● **Work request**: Here the job is to transcribe the data exactly while omitting the images.

● **Given material**:
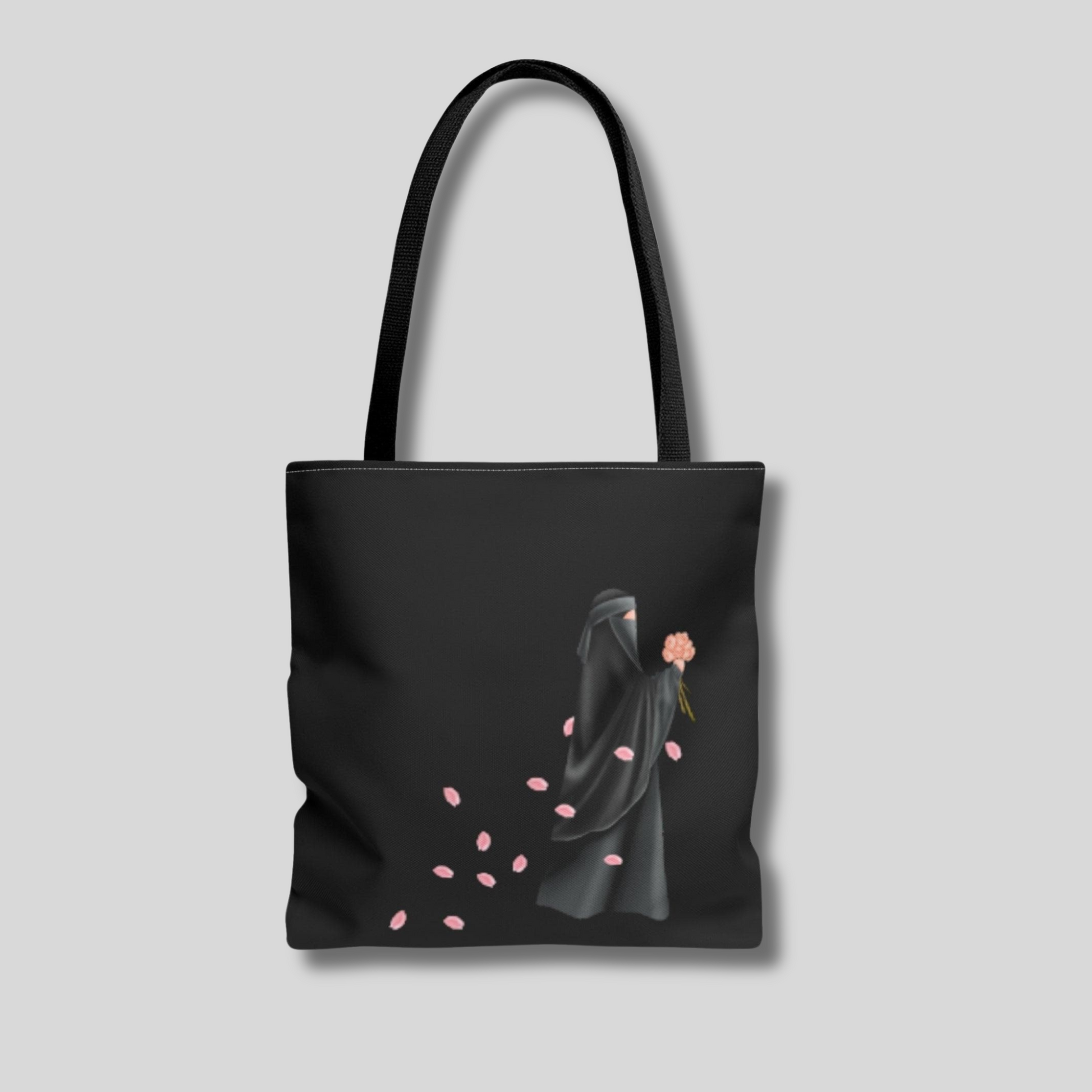 This exclusive tote bag adds the perfect touch of sophistication and elegance to your wardrobe. Featuring a Niqabi woman effortlessly walking with an elegant bouquet of flowers and a trail of petals behind her. This black bag is a beautiful and tasteful piece, perfect for Muslimahs looking to add a luxurious finishing touch to any outfit.
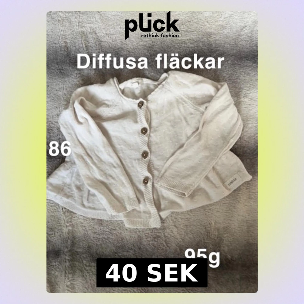 Söt vit kofta från Newbie i storlek 86. Koftan har lång ärm, rund hals och fem träknappar framtill. Perfekt att slänga över en t-shirt för extra värme.🌸Diffusa fläckar. Storlek 86
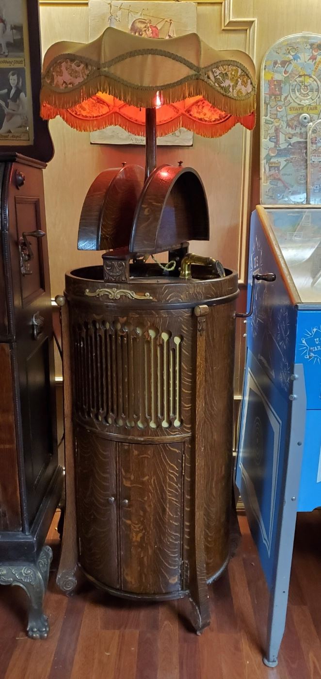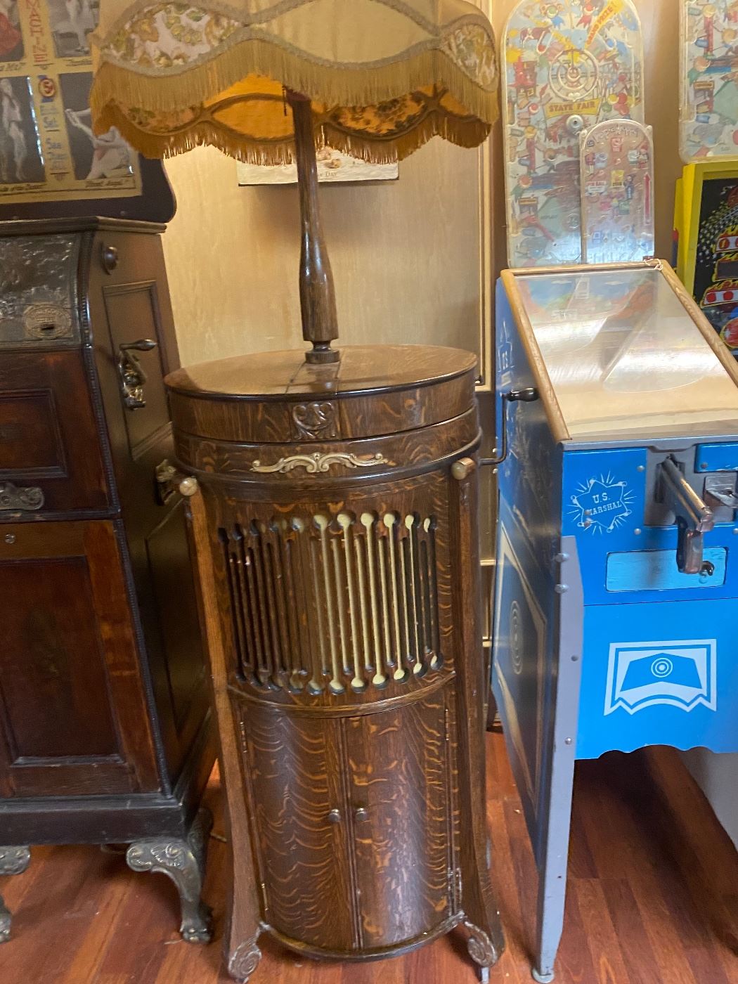 I don't know much about them.. but I haven't seen one in oak AND with the lampshade. That cabinet is really nice...
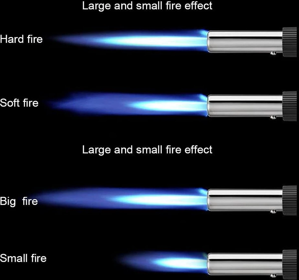 - De temperatuur kan 1300 graden Celsius bereiken om aan verschillende behoeften te voldoen, je kunt verschillende vlammen kiezen volgens je wensen

● **Completed task**:
 This exclusive tote bag adds the perfect touch of sophistication and elegance to your wardrobe. Featuring a Niqabi woman effortlessly walking with an elegant bouquet of flowers and a trail of petals behind her. This black bag is a beautiful and tasteful piece, perfect for Muslimahs looking to add a luxurious finishing touch to any outfit.
 Söt vit kofta från Newbie i storlek 86. Koftan har lång ärm, rund hals och fem träknappar framtill. Perfekt att slänga över en t-shirt för extra värme.🌸Diffusa fläckar. Storlek 86
 I don't know much about them.. but I haven't seen one in oak AND with the lampshade. That cabinet is really nice...
 - De temperatuur kan 1300 graden Celsius bereiken om aan verschillende behoeften te voldoen, je kunt verschillende vlammen kiezen volgens je wensen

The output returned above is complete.